My normal shift for canvassing is from 3 to 6 on Saturday afternoon. On this Saturday the back-to-back events did not end until about 4:30 in Covington, so Maddie and the other local organizers decided to stay at the new headquarters there until 9 pm, giving us canvassers plenty of time in which to cover the ground we were assigned for the day. I was assigned this time to Dayton, immediately upriver from Bellevue, the river town in which I live. I worked from 4:30 to 7:30 on a beautiful fall afternoon on which many people were home, sometimes out on their porch, and generally welcoming to my visit. At this point we are targeting voters thought to be undecided, but I found a majority of those who answered the door to be either for Grimes or against McConnell, sometimes strongly both. These ranged from a young eighteen-year-old high-school graduate who will be voting for the first time to an octogenarian surrounded by two younger generations on the porch. Many of those I spoke to filled out our “Commit to Vote” card and one took the extra yard sign I had in the trunk. This will indeed be a “Grand Contested Election” like the one Ishmael alludes to in the opening chapter of Moby-Dick. It feels good the be playing even a small part in it.
Because the Grimes organizers would be in Covington until 9, I gave myself the pleasure when I was done canvassing of driving upriver from Dayton to the Riverside Marina for dinner. This restaurant is on a barge that moves easily up and down in response to the wakes from boats and barges passing by. In the shade as the sun was setting behind the high bank at this turn of the river, I could enjoy the chill of the oncoming autumn night as an antidote to moments of almost fevered excitement during the day.

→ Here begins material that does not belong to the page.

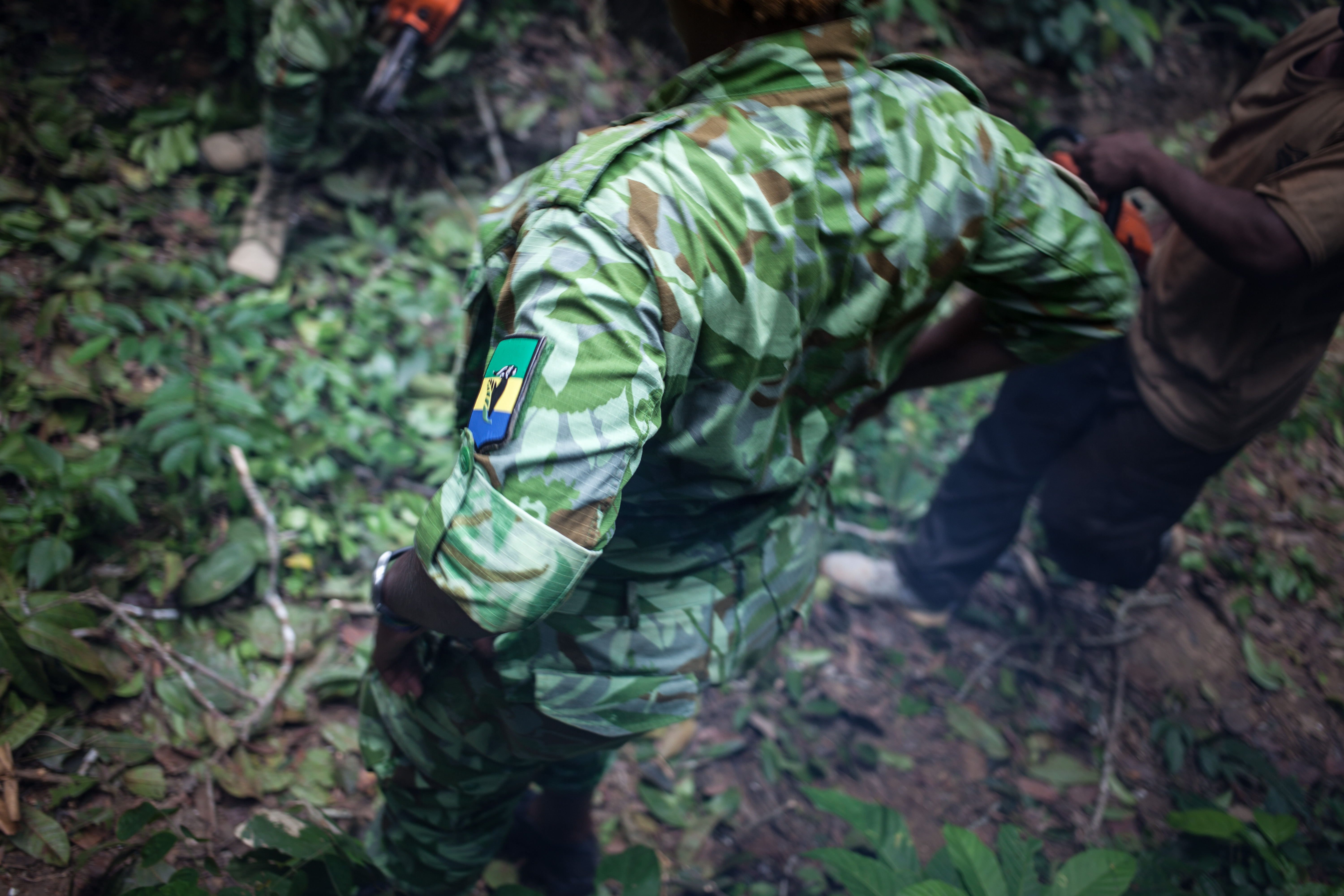 Previous Image AHAUCHARD_LANGOUE-4 Eco-gardes de l’Agence nationale des parcs nationaux (ANPN) du Gabon, sur une piste, dans le parc de l’Ivindo, dans la région de l’Ogoué-Ivindo, Gabon, le 25/04/19.
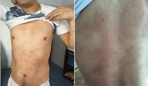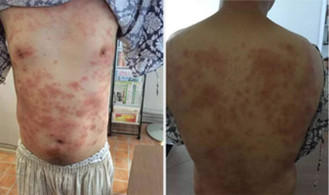 治疗前:前胸、小腹及后背 有大面积风团,皮损面积>70%,伴有剧烈瘙痒 常再发作

Just as I was about to pay the bill for my fish Hoagie and fries, the B&B riverboat floated silently upstream, its night lights just turned on in advance of the dusk, a magical grace note to an exciting day.
When I brought my packet back to the Covington headquarters shortly before 9, Maddie and her colleagues were indeed still at work. Before Alison had climbed into her black SUV for the next campaign stop in the afternoon, she had answered a long series of probing questions from a local reporter, protected by a serious security person who probably wondered who this guy with a camera was hanging around to take pictures. Actually, the crowds had been so tight all day, this had been my first chance to get a photo of her standing tall in those leather boots. I hope in November we can welcome her back for a victory party.